I could theoretically restore all the VMs, redo their live snapshots for QEMU 1.7.0, probably also do a Windows update for XP and greater since the most up to date configurations are now essentially a year old, but that will take a day or two. The live snapshots would also have to be redone if we switch to Intel (but the poweredoff post-Windows update snapshots should be reusable).
The advantage of switching to Intel is that it seems to be more tested upstream, and that both Huw and I have Intel systems. So it let us detect and potentially fix such issues before changing the WineTestBot configuration. It may also fix the occasional host crashes. But this state of affairs is pretty disappointing.
So if the Intel config can be put together in the few days it may be best to restore a minimal set of VMs, and restore the full set after the new hardware has proven itself.
So if the Intel config can be put together in the few days it may be best to restore a minimal set of VMs, and restore the full set after the new hardware has proven itself.
Newman is quick; I think it's reasonable to believe it will have an Intel motherboard by this time tomorrow.
Cheers,
Jeremy
The new VM box is operational. It has an Intel Xeon E3-1230 and thus relies on kvm_intel instead of kvm_amd.

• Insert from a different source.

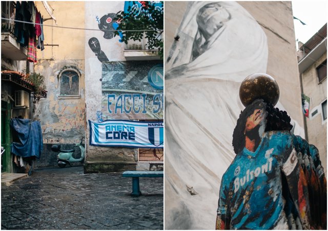 Las compras y la superstición son parte de la vida cotidiana: Via Toledo y Via dei Tribunali muestran el pulso de la ciudad, mientras que el corno napolitano, amuleto contra el mal de ojo, es un recuerdo tradicional que debe regalarse y no comprarse para uno mismo. Via San Gregorio Armeno, famosa por sus belenes, revela cómo lo sagrado y lo popular se entrelazan en la ciudad.
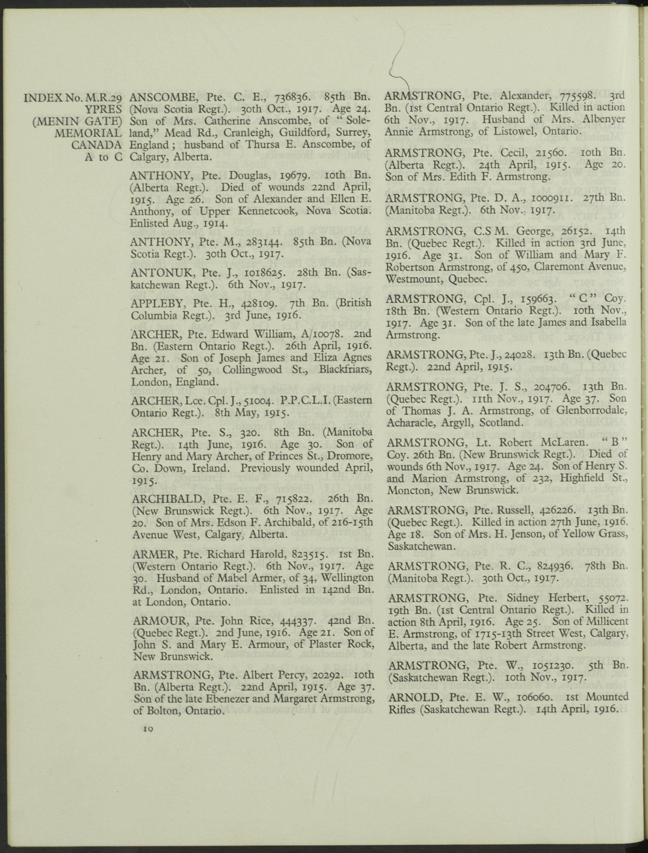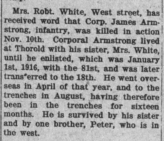 “My dear Mrs. Whyte: You no doubt have received the official notification of your brother, Corp. J. Armstrong, having been killed in action the 10th of this month.

But with the 3.13.1 kernel the VMs are still getting corrupted after a few hours :-( I have no idea why and I've never seen that issue on my personal box so I also have no idea how to figure out what's really going on.

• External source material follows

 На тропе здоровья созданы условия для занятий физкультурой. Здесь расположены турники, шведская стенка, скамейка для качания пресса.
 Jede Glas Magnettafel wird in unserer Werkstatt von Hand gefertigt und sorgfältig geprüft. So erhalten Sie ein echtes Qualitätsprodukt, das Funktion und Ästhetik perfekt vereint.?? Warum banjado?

So the VM host is back to the 3.2.0 kernel. Since then I did not have not had a VM go bad.
Then I moved on to restoring and updating the VMs. That's now done except for the two Vista VMs which I'll get to next. Here's what's new:
* w2000pro - Windows 2000 Professional IPX (bug 35239) and AppleTalk support has been activated for its network card. I also 'inserted' the MemTest86 CD for the kernel32:volume test (bug 31780).
* wxppro - Windows XP Professional It has all the updates it will ever get since its support period has now expired. As before it has WinPcap installed.
* w2008s64 - Windows 2008 Server (64-bits) This VM now has two network cards.
* w7u - Windows 7 Ultimate As with the other VMs I applied all Windows updates up to 2014/04/15, which means it now has Internet Explorer 11. As it's an Ultimate version I installed all the languages. Currently it's set up for Japanese but I can set it up for another language if desired. I also 'inserted' the MemTest86 CD so one can compare it with the equivalent in the Windows 2000 VM.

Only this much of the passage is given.